The fear which once surrounded the contraction of HIV no longer exists and as a result Barbadians have returned to the culture of sexual nonchalance which existed in the pre-epidemic years of the virus, says Minister of Culture John King.
King, who spoke to Barbados TODAY this morning on the sidelines of the launch of his ministry’s HIV awareness programme at Sky Mall, contends that the subject of HIV and AIDS no longer has the “shock value” that it used to and this has resulted in the continued rise in infections in Barbados as well as the wider region.
“Unfortunately, this is part of our regional culture where as long as something is not in your face all the time and you have gotten past the shock value of it, we tend to take our feet off the peddle. We tend to relax and go back to old habits that have been formed over centuries. This is why we see the numbers going back up again because people are not taking this thing seriously.”
The Minister’s comments came just one day after Director of the HIV/AIDS Commission Dr Jaqueline Wiltshire revealed that sexual-transmitted diseases are on the rise. However, she made it clear that while there may be several reasons for the continued callous approach to sex by some Barbadians, the long-running recession was a contributing factor.
“There are some issues we find worrisome, such as the statistics as it relates to the increase of multi-partnering and the age at which people make their sexual debut. The reasons behind these behaviours are multifaceted. Some of them are cultural practices and some are linked to the recession. During a recession, you have more transactional sex and inter-generational sex,” she said during yesterday’s commemoration of World AIDS Day.

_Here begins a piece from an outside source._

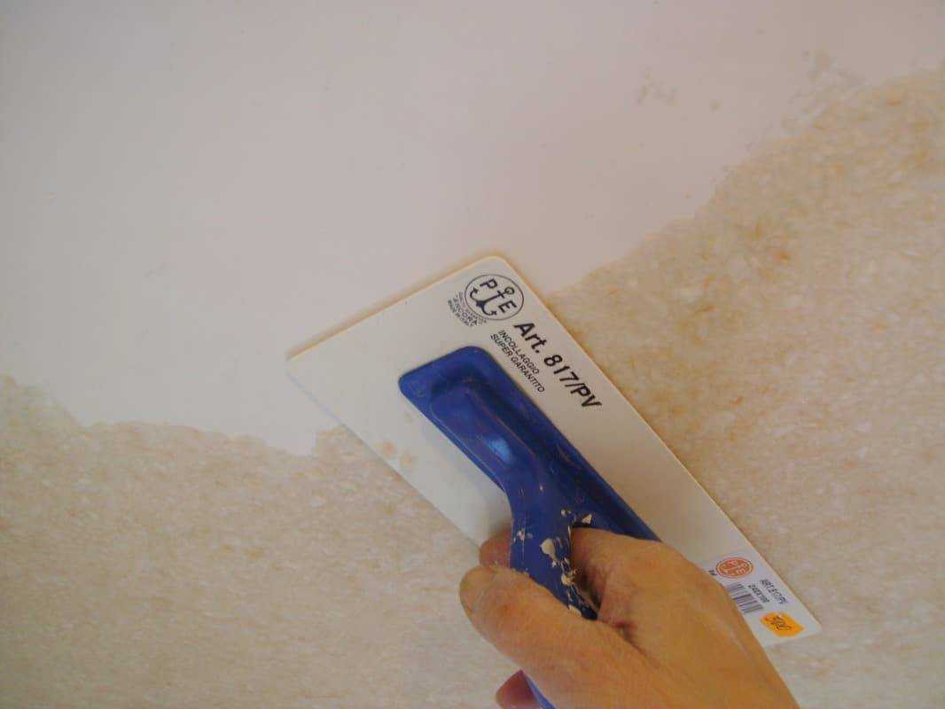 Неповрежденную смесь, нанесенную на стену, можно снять шпателем и канцелярским ножом, предварительно намочив участок губкой. Обязательно отделите друг от друга смесь участков обоев, изменивших цвет.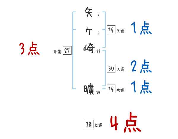外運![]() | 矢ヶ崎曠さんの外運は27画の3つ星!頭脳明晰だが強情で摩擦が多い傾向。孤立に注意。 生活面を象徴する運勢です。外部から受ける影響力を表し、結婚運、家庭運や職場、環境への順応性を表します。 |

Wiltshire did not provide any numbers but according to UNAIDS statistics for 2018, Barbados had 3000 persons living with the disease.
However, this morning King suggested that the evidence points to a societal numbing regarding the seriousness of the disease. He argued that while he is happy that persons no longer see the disease as a death sentence, he is concerned that some may be losing sight of the importance of prevention.
“There is evidence of people being able to live really good lives with the disease and people now begin to say to themselves that it is not such a big deal anymore. People are considering the fact that there are antiviral drugs that we can use, so the attitude has changed again to that nonchalant approach,” said King.
He noted that Government will be ramping up the effort to reinforce the message of prevention as well as the need to stamp out discrimination against those living with the disease. King also argued these conversations must no longer be seen as only appropriate for adults, as the
cultural change necessary to combat the spread of the disease must begin at an early age.
“We must have continuous education and we must begin at an early age. Often times when we talk about sex, people believe that all we can do is have these adult conversations. The truth is that if you look at social media and even if you look at cartoons that our children watch, they are filled with subliminal messages on sex and these sorts of things,” said King.
“The time has come where we must mature to the point that we are comfortable discussing these sorts of topics with our young children because they are the ones who stand either to benefit or not benefit from the information,” he added.